Premature optimiztion
the-moisrex opened this issue · 3 comments
I saw your conference, in this slide you seem to be proud of this code:
constexpr ada::scheme::type get_scheme_type(
std::string_view const scheme) noexcept {
if (scheme.empty()) {
return ada::scheme::NOT_SPECIAL;
}
auto const hash_value = static_cast<int>(
(2 * scheme.size() + static_cast<unsigned>(scheme[0])) & 7U);
const std::string_view target = details::is_special_list[hash_value];
if ((target[0] == scheme[0]) && (target.substr(1) == scheme.substr(1))) {
return static_cast<ada::scheme::type>(hash_value);
}
return ada::scheme::NOT_SPECIAL;
}
Here I'm gonna give you a simpler solution that is also faster:
static constexpr std::string_view is_special_list2[] = {
"http", "https", "ws", "ftp", "wss", "file"};
// a little bit of re-ordering here:
enum class type2 : uint8_t {
HTTP,
HTTPS,
WS,
FTP,
WSS,
FILE,
NOT_SPECIAL,
};
constexpr ada::scheme::type2
get_simple_scheme_type(std::string_view const scheme) noexcept {
std::underlying_type_t<ada::scheme::type2> i = 0;
for (; i != 6; ++i) { // hopefully it'll be unrolled
auto const scheme_ith = details::is_special_list2[i];
if (scheme == scheme_ith) {
break;
}
}
return static_cast<ada::scheme::type2>(i);
}
Why?:
- loops get unrolled, hopefully (we can do it manually)

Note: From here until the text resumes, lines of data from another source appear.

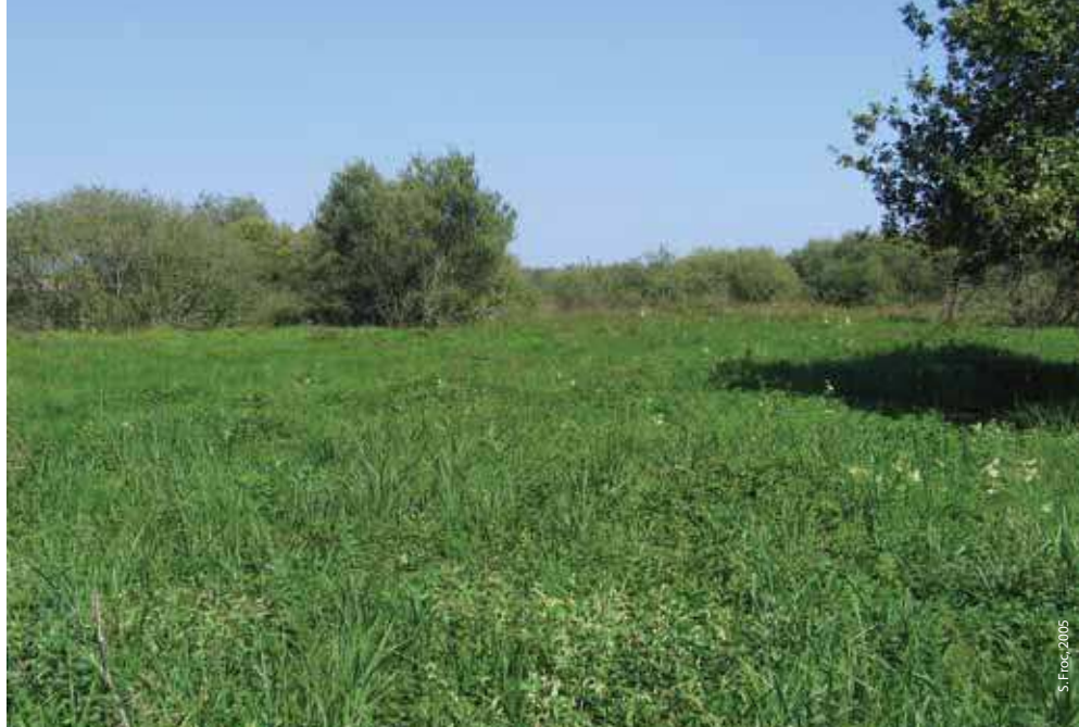
Vue générale du marais de Germont-Buzancy

important pour la tourbière, assèchant le marais et permettant l'installation de plantes nitrophiles.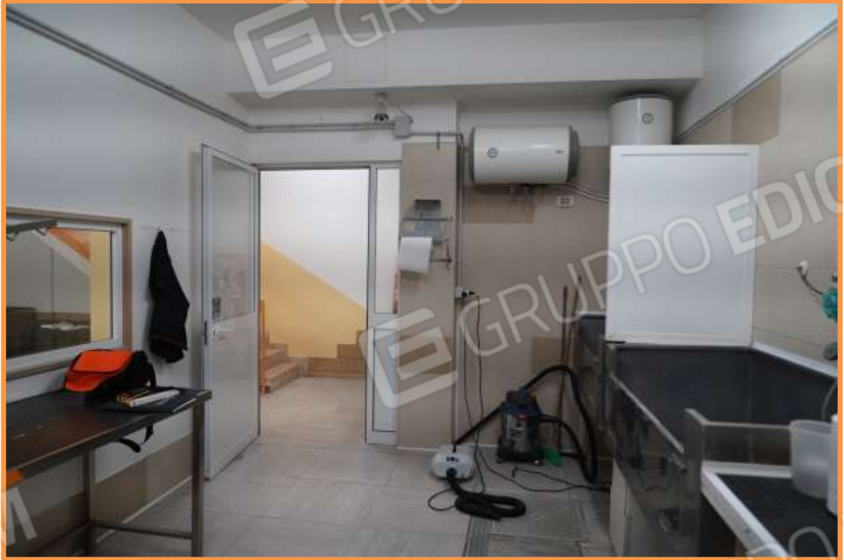
FOTO n° 14. Vano toelettatura. Vista verso la porta di accesso, verso la direzione est. Sul fondo a sinistra, oltre la porta di ingresso, è visibile la parte iniziale della rampa di scala.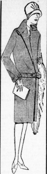
Fescher Winter-Mantel It. Bild aus Velour de laine, jugendlich verarb., schöne Farb. 19.75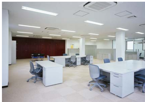
－ 2階 執務室 －

*Low-Eガラス：低放射ガラス。熱の放射を妨げる金属膜が表面にコーティングされたガラス。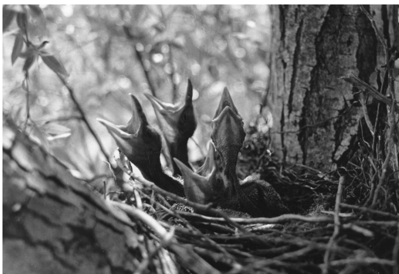
23. Briga za potomstvo

animatora u tramvaju, 99 a truba zvukovno imitira padanje zgužvanih crteža nezadovoljna animatora u koš za smeće te animirano hodanje i zijevanje lika kojeg je animator nacrtao. Imitatorski efekt ostvaruje se i upotrebom prirodnog zvuka, kada se zvukom udaranja pisaćeg stroja imitira lupkanje animatora prstima po glavi, čime se metaforično ukazuje na činjenicu da animator u glavi stvara ideju o svom crtiću. U filmu Baltazar putuje činele bubnja imitiraju Baltazarovo rušenje ljudi i stvari, a kada Baltazar odgurne cijeli red ljudi, čuje se zavijajući zvuk trube. U filmu o prirodi Briga za potomstvo (Branko Marjanović, 1959, HRV), pak, žustri zvuci puhaćeg instrumenta imitiraju energično otvaranje usta gladnih ptića (fotografija 23), klavirski akcent imitira batrganje leptira u paukovoju mreži, zviždukanje flaute imitira glasanje kolibrića, a puhaći instrument imitira ptice koje se podrugljivo smiju orlu koji ih nije uspio uhvatiti, kako nam sugerira narator.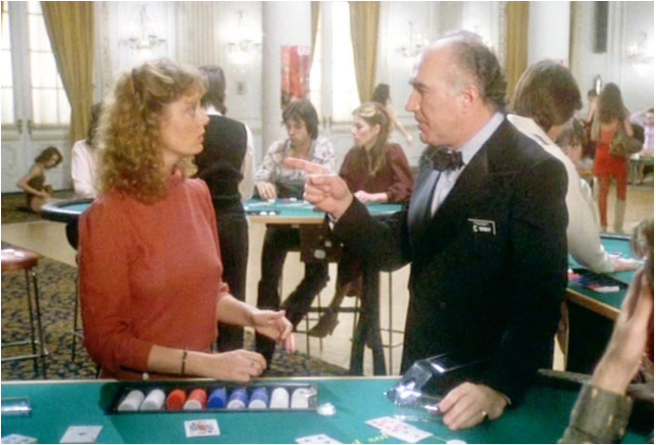
On aperçoit Michel Piccoli en patron de casino.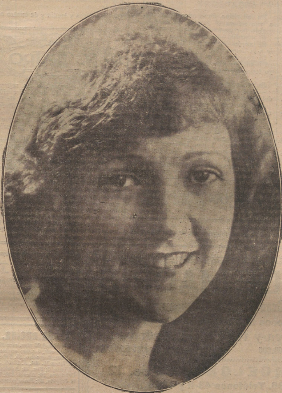
CONSTANCE TALMADGE, A QUIEN EL GENIAL AUTOR DE «INTOLERANCIA» ENCARGO EL PAPEL MAS SIMPATICO Y DE MAS ACCION DE TAN FORMIDABLE OBRA DE LA CINEMATOGRAFIA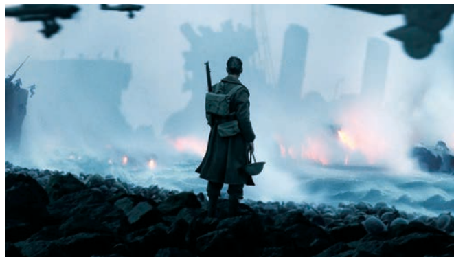
Dunkirk de Christopher Nolan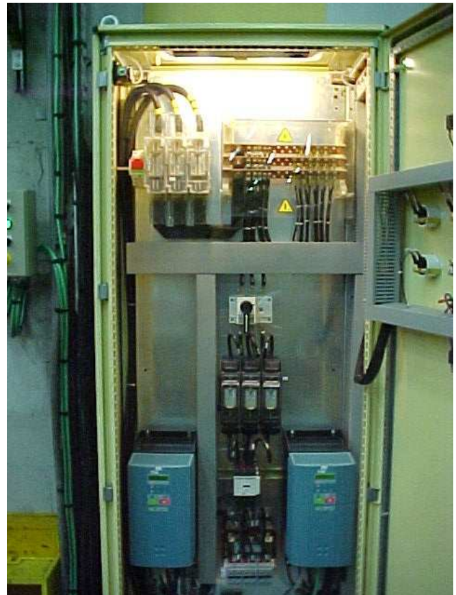
Variateurs DC 4Q Eurotherm 590+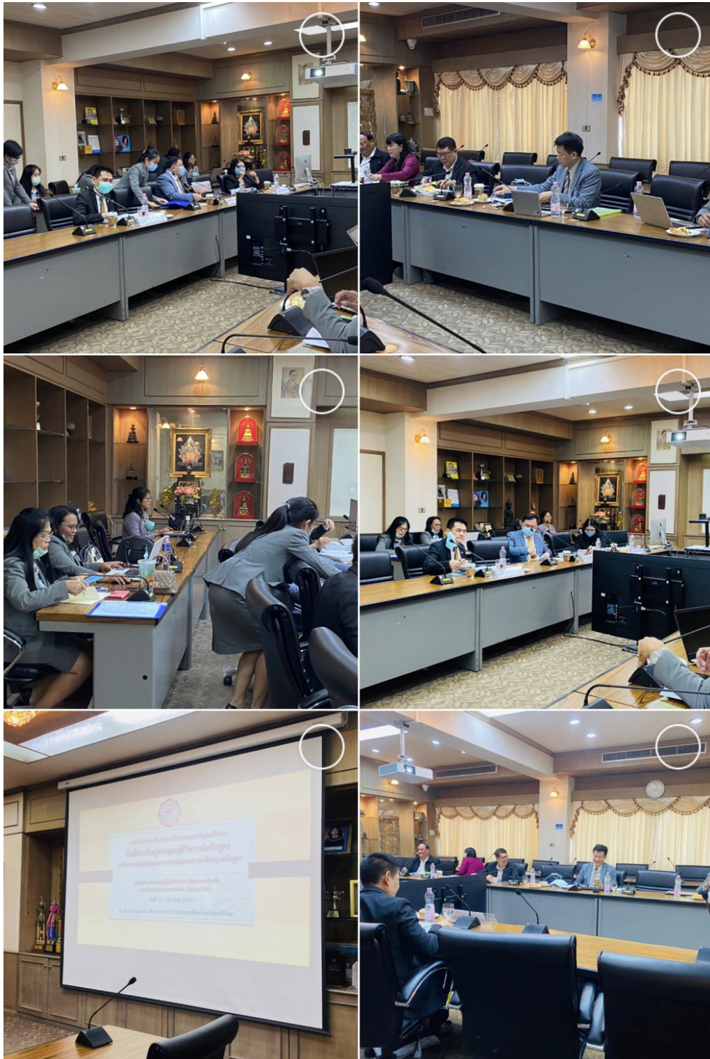
คณาจารย์และนิสิตร่วมกันรับการวิพากษ์วิจารณ์หลักสูตรเพื่อการปรับปรุงและจัดทำหลักสูตรหลังการวิพากษ์ ของผู้ทรงคุณวุฒิสำหรับดำเนินการตามขั้นตอนการพัฒนาหลักสูตรในวันที่ 21 ธันวาคม พ.ศ.2563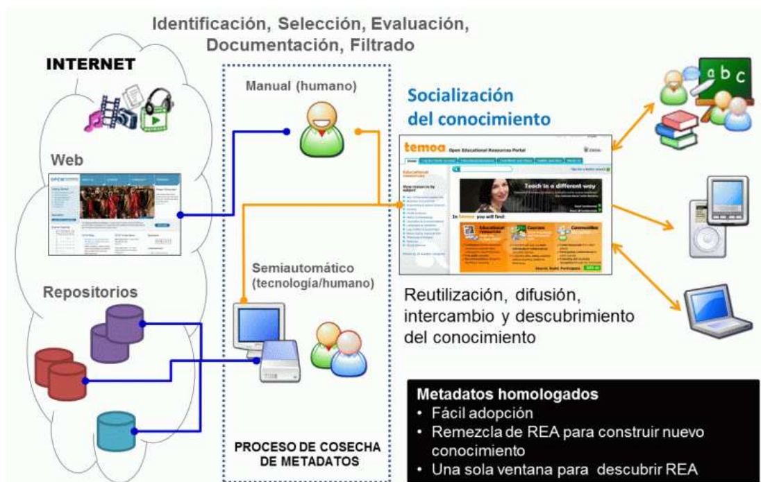
Figura 3. Esquema de operación del catálogo de TEMOA

El catálogo de REA permite que los visitantes (usuarios) realicen búsquedas por aproximaciones sucesivas (gracias a los metadatos que describen los REA) a través de fichas electrónicas descriptivas, permitiendo una serie de acciones que se representan en servicios de información. El catálogo documenta fichas de información que refieren a recursos en distintas áreas de conocimiento considerando el esquema de "Interface y Clasificación Jerárquica LC", HILCC (Davis, 2006; HILCC, 2008), de la Universidad de Columbia" y publicados en varios formatos de entrega que se agrupan en distintos tipos de recursos de aprendizaje. En la figura 4 se pueden apreciar los resultados de una búsqueda de información por medio de la clasificación jerárquica de conocimiento aplicada en el catálogo y tras haber organizado los REA identificados bajo el esquema del HILCC.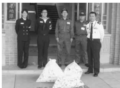
館山海上自衛隊の皆さん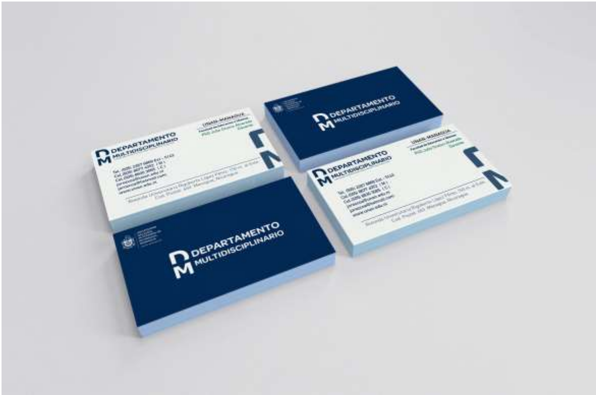
Tarjetas de presentación del Departamento Multidisciplinario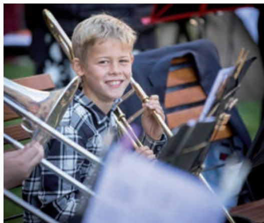
Bild zum Text rechts: Trompete und Posaune lernen im Posaunenchor St. Michael - Foto: Angelika Rau-Culo

Text und Foto: Grit Schubert, GS Alter Markt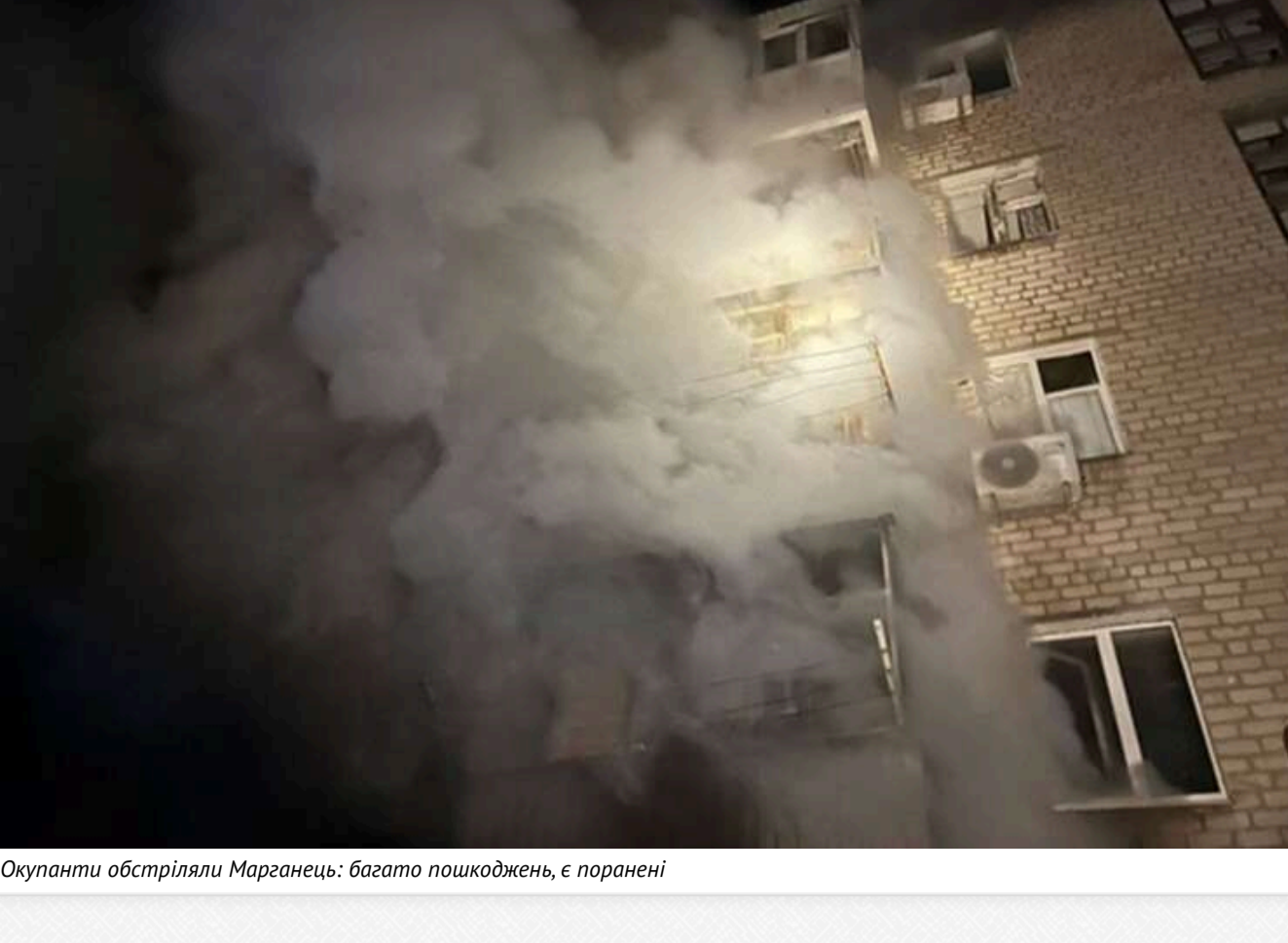
Окупанти обстріляли Марганець: багато пошкоджень, є поранені

Російські окупанти здійснили артилерійський обстріл Марганця на Дніпропетровщині. Внаслідок ворожої атаки в місті виникла пожежа, фіксують пошкодження і руйнування багатьох будівель, також є постраждалі.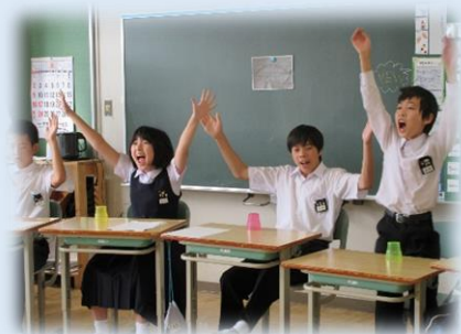
◀▶ こちらの二つは教室での練習の様子

▼これは、ステージパフォーマンスの練習の様子。教室、中学校体育館と場所を移して練習を続けています。やがて、当日、中学校体育館に現れる彼らの姿をお見逃しなく。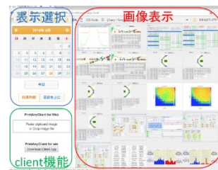
Figure 5: 画像ログシステム Web 画面

この Web 画面には画像登録の Client 機能がついている。クリップボードに画像をコピーしたのちに”Paste clipboard image or Drop image file”の部分で”貼り付け”をするか、画像ファイルをドラッグ&ドロップすると登録確認ダイアログが表示される。ダイアログ上でキャプションを入力し、登録ボタンを押下すると、画像が登録される。また、同等の機能を持つ Windows 版の Client プログラムも作成してあるので、ダウンロードして使用することも可能となっている。Fig.5 に実行例を示す。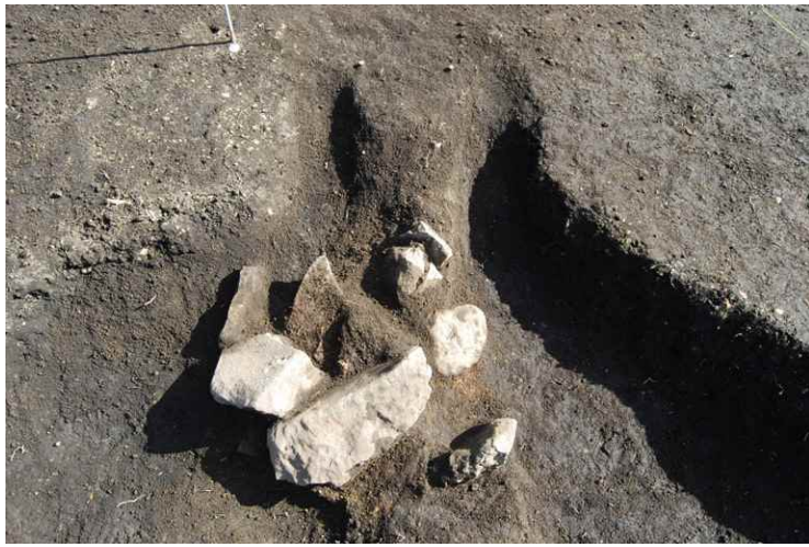
1. SI6 隅カマド近景（西から）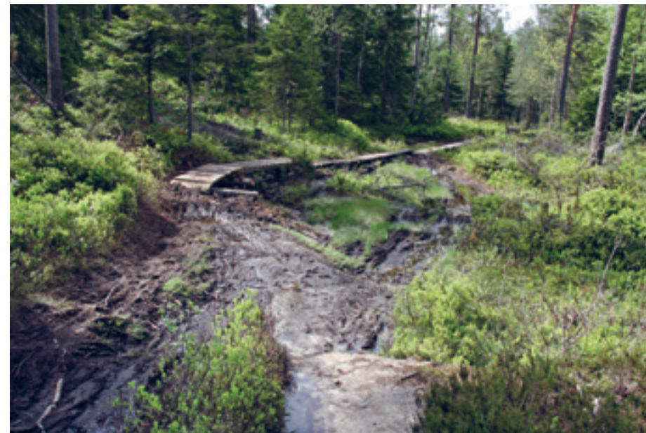
Østmarkrittets trase forbi Slettfjell: Her har mange syklistere under trening brutt NOTS' stivettregel nr 8: «Bær sykkelene gjennom myrområder slik at det ikke dannes dype spor». Bildet er tatt to uker før selve rittet.

Østmarkrittet 2013 gikk av stabelen 30. juni, og med over 1000 deltakere var dette rittet enda større enn Terrengsykkelrittet. Østmarkrittet hadde start- og målområde i Rådhusparken ved Metro senteret på Lørenskog, og deltakerne tilbakela opptil 55 km gjennom «de nærmest uberørte skogsområdene i Lørenskog og over til de mer kjente områdene innenfor Oslos grenser», for å bruke arrangørens egne ord. Deltakerne passerte Losby Gods og syklet videre sørover forbi Drettvann via Stokkholtmyra, over Kavlebrumyra, 17. mai plassen, Skråbakkhullet mot Elvåga og Skyttenbrua, før de satte kurs-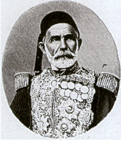
Resim 1: Rumeli Ordu Müşiri Ömer Lütfi Paşa Latas.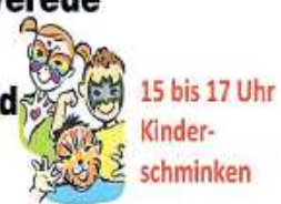
15 bis 17 Uhr Kinder- schminken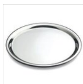
Plateau rond en acier inoxydable Ø 42,5 cm VASSOIO 425x20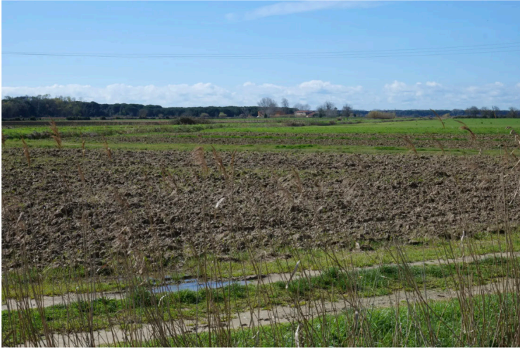
Seconda tappa: l'area dedicata alle prove sperimentali di lungo periodo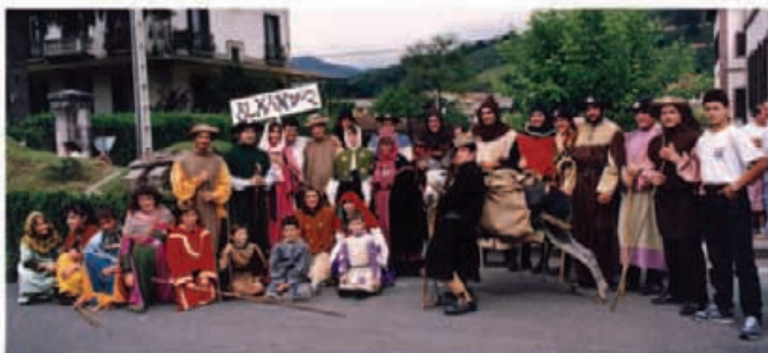
Argazkia: RAMON APEZTEKIAN / 1/204

8:00etan aurora herriko karraketan barna Bixentek lagundue goiza alaitzeko. 10:00etan auroran parte hartu dutenendako pasta eta moskatela. 12:00etan Meza nagusie herriko San Pedro elizan eta ondotik prozesioa. 13:00etan herriko plazan luntx berxie, txistu eta dantzari ez alaitue. 17:00etan emakume eta gizonen pala partiduek herriko plazan. 18:30etan herritarren arteko herri kirol jardunaldie. 22:00etan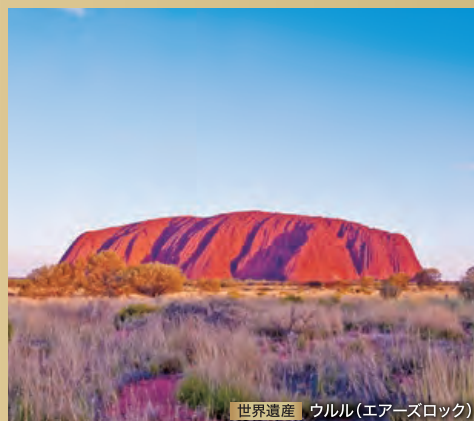
世界遺産 ウルル(エアーズロック)

陸路や空路で内陸観光をお楽しみいただく宿泊を伴うツアーです。なかなか訪れることのできない絶景へご案内します。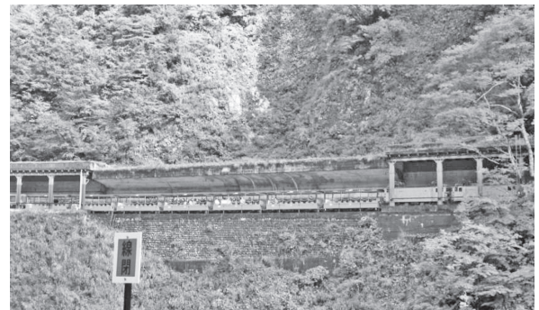
写真—3 黒部峡谷鉄道運行状況

ことにより、11月末頃より現場は越冬対策に入り、翌年の4月下旬頃に状況判断した上で工事が再開されるという。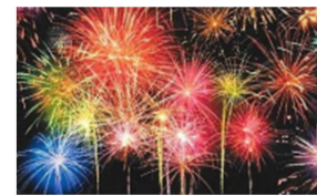
Explosion de feux d'artifice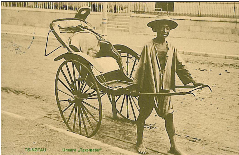
Bild 2. Unser Blick auf China ist auch heute noch von Vorurteilen aus der Kolonialzeit geprägt. Historische Aufnahme aus dem deutschen „Schutzgebiet“ Tsingtau (heute Kiautschou)

In einem weiteren Artikel der gleichen Online-Ausgabe finden sich interessante Zusatzinformationen, aus denen sich einiges über die Hintergründe und Stoßrichtung der neuen KKW-Strategie herauslesen lässt. Es wird darauf hingewiesen, dass China Solar- und Windenergie als zu unzuverlässig für eine stabile Energieversorgung des Landes einstuft. Andererseits scheint das Land aber auch nicht vollständig oder zumindest überwiegend auf Kernkraft setzen zu wollen. Für diese Änderung der früheren Zielsetzung eines massiven KKW-Zubaus werden drei wesentliche Gründe angeführt: Die Fukushima-Ereignisse, die zunehmende Feindseligkeit des Westens und die geringen Uranreserven des Landes. Darüber hinaus lassen sich nicht nur aus den vorhandenen, sondern auch aus manchen nicht vorhandenen Angaben zusätzliche interessante Schlussfolgerungen ziehen.

- string_view::size_type is a 64bit integer, and you're multiplying it. Of course that's gonna be slower than comparing 8bit characters.
GCC:
2024-03-20T11:35:18-07:00
Running ./a.out
Run on (32 X 5500 MHz CPU s)
CPU Caches:
L1 Data 48 KiB (x16)
L1 Instruction 32 KiB (x16)
L2 Unified 2048 KiB (x16)
L3 Unified 36864 KiB (x1)
Load Average: 0.25, 0.34, 0.53
--------------------------------------------------------
Benchmark Time CPU Iterations
--------------------------------------------------------
Ada 1.60 ns 1.60 ns 447947046
Simple 0.976 ns 0.975 ns 713186229
LongStrAda 117 ns 116 ns 6137922
LongStrSimple 114 ns 114 ns 6077361
Clang:
2024-03-20T11:36:07-07:00
Running ./a.out
Run on (32 X 5191.05 MHz CPU s)
CPU Caches:
L1 Data 48 KiB (x16)
L1 Instruction 32 KiB (x16)
L2 Unified 2048 KiB (x16)
L3 Unified 36864 KiB (x1)
Load Average: 0.50, 0.40, 0.54
--------------------------------------------------------
Benchmark Time CPU Iterations
--------------------------------------------------------
Ada 1.52 ns 1.52 ns 453872906
Simple 0.897 ns 0.896 ns 765627214
LongStrAda 118 ns 118 ns 5999300
LongStrSimple 120 ns 120 ns 6019850
Unrelated note:
I don't think we really need that enum to be detailed, we just need these values because that's the only ones that affect the algorithms:
enum struct scheme_type : stl::uint8_t {
not_special, // everything else
special_scheme, // http(s), ws(s), ftp
file, // file scheme
};
I didn't make a PR because I wasn't sure if changing the order of scheme::type
will break any other algorithm or not. If it doesn't, let me know.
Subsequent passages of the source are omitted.